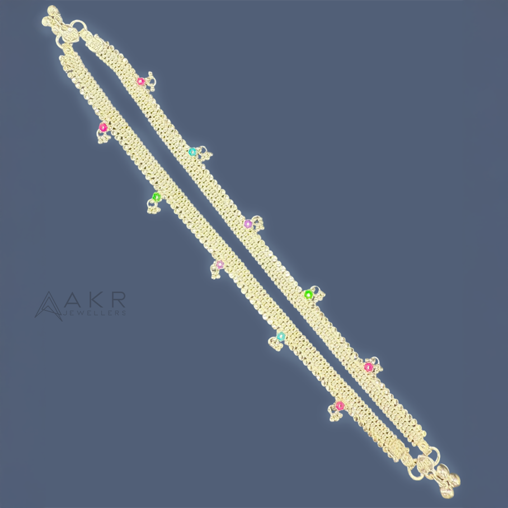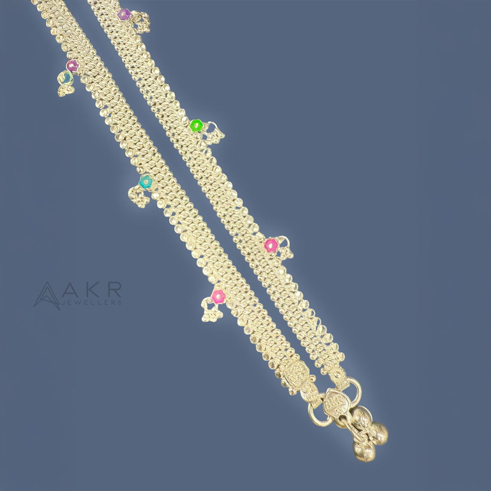 Stylish gold-finish anklet with colorful stones and intricate work, perfect for traditional wear with adjustable size options.
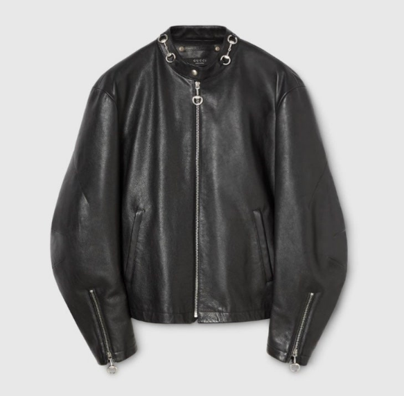 Gucci의 홀스빗 레더 자켓은 칼라 부분에 시그니처 홀스빗 디테일이 더해져 클래식하면서도 강력한
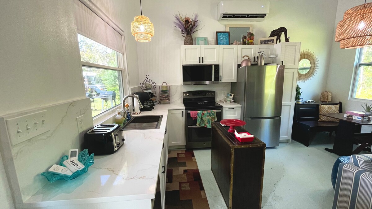 *Barrio tranquilo y seguro Ubicación privilegiada *20 minutos al aeropuerto de Orlando *20 minutos a los parques de Disney y Disney Springs *25 minutos a Universal Studios y CityWalk *7 minutos a la plaza comercial con los mejores outlets y diversos restaurantes *5 minutos a un super Walmart *Minimercados locales. Dentro de tu minicasa: *Cama tamaño queen. *Café, nevera y microondas *Entrada privada + patio *Ducha moderna *Aire acondicionado, wifi y Smart TV *¿Necesitas transporte o arreglos especiales? Háznoslo saber
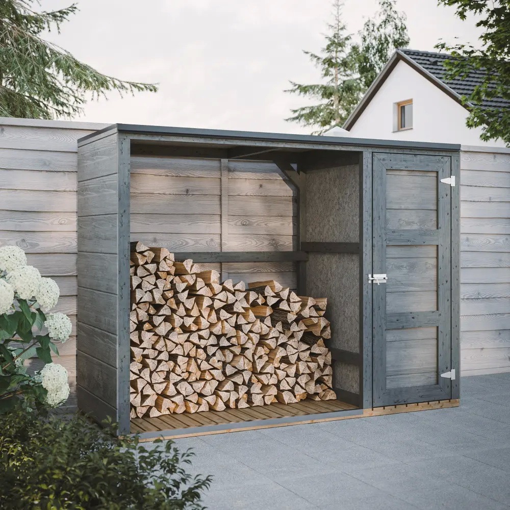 Holzlager für Brennholz 75x217x159cm kaufen bei Intergard? Das Holzlager mit den Maßen 75x217x159cm von Intergard ist eine robuste und praktische Lösung zur Aufbewahrung von Brennholz. Dieses Brennholzlager hält Ihr Holz trocken und gut belüftet – ideal für Kamin, Feuerkorb oder Holzofen. Sie können es auch zur Aufbewahrung von Werkzeugen nutzen. Hergestellt aus unbehandeltem Kiefernholz aus verantwortungsvoller Forstwirtschaft mit FSC-Zertifizierung, bietet diese Holzaufbewahrung Langlebigkeit und Beständigkeit. Die Paneele sind widerstandsfähig gegen Witterungseinflüsse, Verformung, Schimmel, Insektenbefall und Holzfäule. Die lange Lebensdauer wird durch vier wesentliche Komponenten gewährleistet – Harze, Wachs, Zink und eine grundierte Schutzbeschichtung. Die Wände des Brennholzlagers bestehen aus einem 60×60mm Holzrahmen und 10mm dicken, grundierten Paneelen. Dies sorgt für dauerhafte Stabilität, selbst unter extremen Wetterbedingungen. Hochwertiges, ofengetrocknetes Brennholz als Option erhältlich Vorteile eines Holzlagers Langlebig und pflegeleicht dank imprägniertem Kiefernholz Schützt Ihr Brennholz vor Feuchtigkeit und Witterungseinflüssen Robuste Konstruktion – stabil und sicher Geeignet für große Holzmengen bis zu 2m³ FSC-zertifiziert – umweltfreundlich und nachhaltig Einfache Montage – sofort einsatzbereit Praktische und nachhaltige Holzaufbewahrung Mit dem Brennholzlager 75x217x159cm schaffen Sie einen organisierten und trockenen Lagerplatz für Ihr Brennholz. Kombinieren Sie das Lager mit hochwertigem, ofengetrocknetem Holz für den sofortigen Einsatz in Kamin oder Feuerkorb.
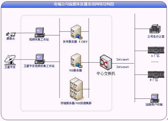 要在企業(yè)內網與廣域網上對有線電視、衛(wèi)星電視及現場視頻進行實時直播,這需要系統(tǒng)具備高兩種傳輸方式,內網實現組播協(xié)議,互聯(lián)網實現單播協(xié)議。同時要求系統(tǒng)傳輸速率、數據同步、數據流的分流、高穩(wěn)定性等特性。而實現網絡的視、音頻傳輸最好的解決方案就是流式媒體的傳輸方式。
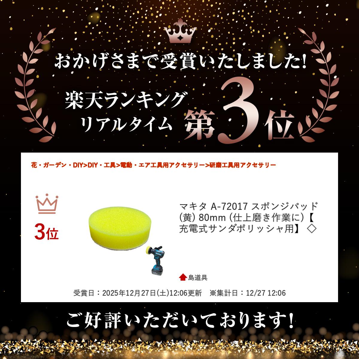\楽天ランキング入賞/ マキタ A-72017 スポンジパッド(黄) 80mm (仕上磨き作業に)【充電式サンダポリッシャ用】 ◇
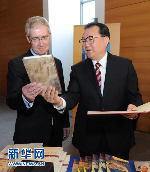 9月26日,正在愛爾蘭進行正式友好訪問的中共中央政治局常委李長春向都柏林孔子學院贈送孔子銅像和書籍。這是李長春(右)向都柏林大學校長布雷迪贈送中國圖書。 新華社記者 馬占成 攝
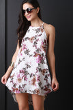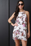 This adorable shift dress features a woven chiffon fabrication, floral rose print, spaghetti straps, back keyhole with button at nape, fully lined, with a rounded high low hemline. Accessories sold separately. Made in U.S.A. 100% Polyester.
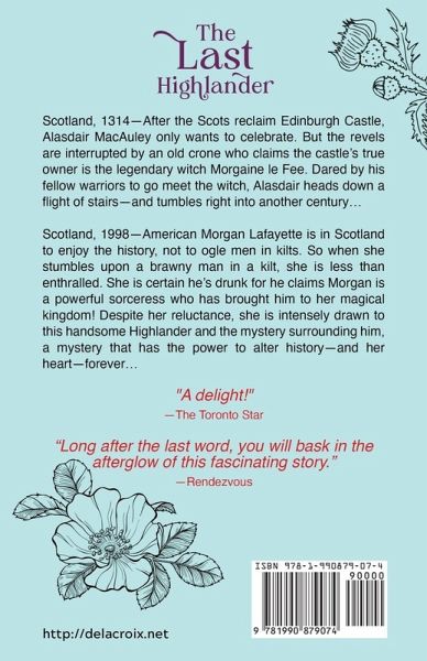 Scotland, 1314-After the Scots reclaim Edinburgh Castle, Alasdair MacAuley only wants to celebrate. But the revels are interrupted by an old crone who claims the castle's true owner is the legendary witch Morgaine le Fee. Dared by his fellow warriors to go meet the witch, Alasdair heads down a flight of stairs-and tumbles right into another century... Scotland, 1998-American Morgan Lafayette is in Scotland to enjoy the history, not to ogle men in kilts. So when she stumbles upon a brawny man in a kilt, she is less than enthralled. She is certain he's drunk for he claims Morgan is a powerful sorceress who has brought him to her magical kingdom! Despite her reluctance, she is intensely drawn to this handsome Highlander and the mystery surrounding him, a mystery that has the power to alter history-and her heart-forever... "The Last Highlander is a tremendous time travel tale that stars two wondrous lead protagonists. The brisk story line will grab onto readers from page one and not let go until the story is complete."-Affaire de Coeur "A delight!"-The Toronto Star
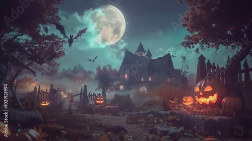 Spooky Halloween Scene Featuring Haunted House, Full Moon, and Foreground of Jack-o'-Lanterns, Ghosts, and Bats in Mysterious Low-Light Atmosphere
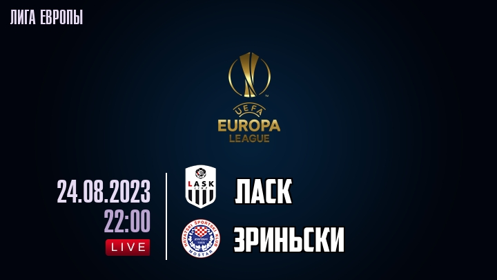 24 августа 2023 года, состоялась онлайн трансляция футбольного матча между футбольным клубом ЛАСК и футбольным клубом Зриньски, проходящего в рамках Лиги Европы.
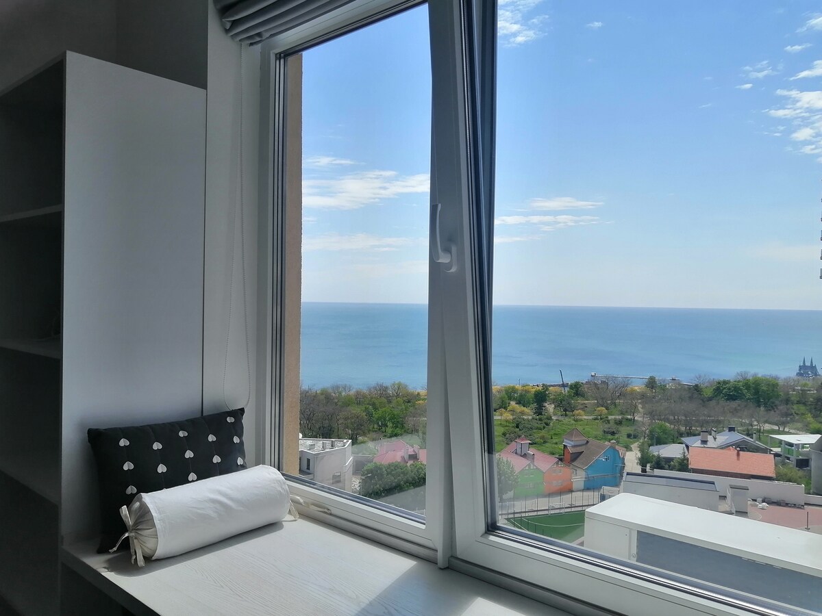 Apartment with private terrace and sea view! Cozy 2-room apartment in Arcadia, in residential complex "44 Perlyna". Located on the 20th floor, the building has 24/7 security. Accommodation for up to 4 guests. We have a convenient self check-in system with an electronic lock (24/7) The apartments are located 5-7 minutes' walk from Arcadia's beaches, water park and clubs. On the territory of the building you will find - pharmacies, supermarkets, coffee shops, the new post office, etc.

**About this exercise**: Look above for the line with "80mm (仕上磨き作業に)【充電式サンダポリッシャ用】 ◇" and the line with "This adorable shift", then restate exactly those two lines and all lines between them, with no pictures.

**Your solution**:
\楽天ランキング入賞/ マキタ A-72017 スポンジパッド(黄) 80mm (仕上磨き作業に)【充電式サンダポリッシャ用】 ◇
 9月26日,正在愛爾蘭進行正式友好訪問的中共中央政治局常委李長春向都柏林孔子學院贈送孔子銅像和書籍。這是李長春(右)向都柏林大學校長布雷迪贈送中國圖書。 新華社記者 馬占成 攝
 This adorable shift dress features a woven chiffon fabrication, floral rose print, spaghetti straps, back keyhole with button at nape, fully lined, with a rounded high low hemline. Accessories sold separately. Made in U.S.A. 100% Polyester.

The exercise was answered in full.